Personal information
- Full name: Raphael Tracy
- Date of birth: February 6, 1904
- Place of birth: St. Louis, Missouri, U.S.
- Date of death: March 6, 1975 (aged 71)
- Place of death: St. Louis, Missouri, U.S.
- Positions: Defender; midfielder;

Senior career*
- Years: Team / Apps / (Gls)
- 1925: St. Louis Vesper Buick / ? / (7)
- 1926–: Ben Millers

International career
- 1930: United States / 3 / (0)

Medal record
Men's soccer
Representing United States
FIFA World Cup
| Third place | 1930 Uruguay |  |

= Raphael Tracey =

American soccer playe (1904–1975)

Raphael “Ralph” Tracy (Note: Sometimes misspelled as Ralf Tracy or Tracey) (February 6, 1904 – March 6, 1975) was an American soccer player. He spent his club career with several teams in St. Louis and played in all three games for the United States national team at the 1930 FIFA World Cup. He is a member of the National Soccer Hall of Fame.

==Club career==
Tracy was born and raised in St. Louis but spent some time in early years in Gillespie, Illinois playing soccer. He began his club career as a forward with St. Louis Vesper Buick of the St. Louis Soccer League (SLSL) during the 1925 season. While he was the second leading scorer on the team, he was released during the 1925–1926 season. He then signed with the Ben Millers and finished the season with them. He moved to the midfield with the Ben Millers; playing on the team which lost the 1926 National Challenge Cup to Bethlehem Steel.^{} He scored six goals during the 1931–1932 season, tying for sixth in the league.

==National team==
Tracy earned three caps with the United States national team at the 1930 FIFA World Cup.
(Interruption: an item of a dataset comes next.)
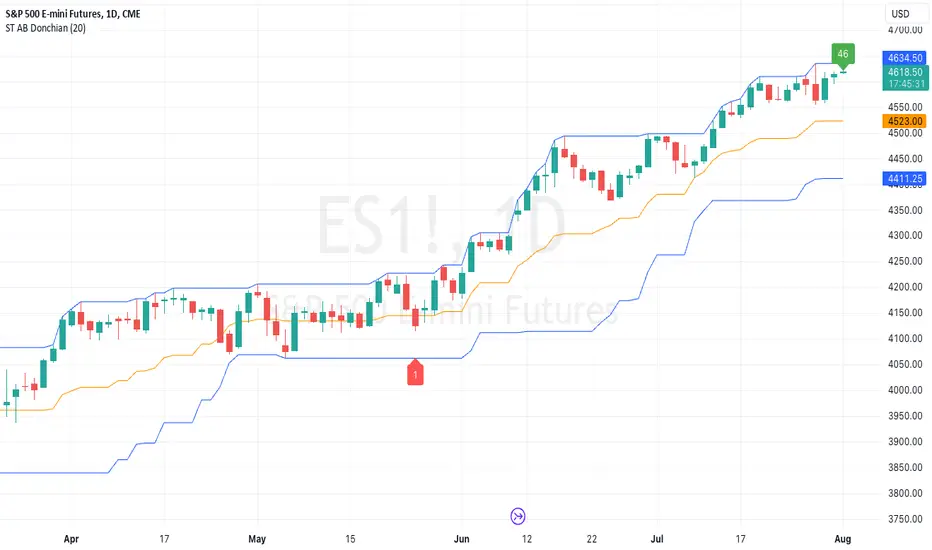 "Bars Above/Below Donchian Channel" provides a visualization of the Donchian Channel and measures the number of bars above and below the middle line of the channel.

While the U.S. won the first two games, over Belgium and Paraguay by a 3–0 score in each, they lost to Argentina 6–1 in the semifinals. Tracy broke his leg ten minutes into the game, but he continued to play until half time.

Tracy was inducted into the St. Louis Soccer Hall of Fame in 1973 and the National Soccer Hall of Fame in 1986.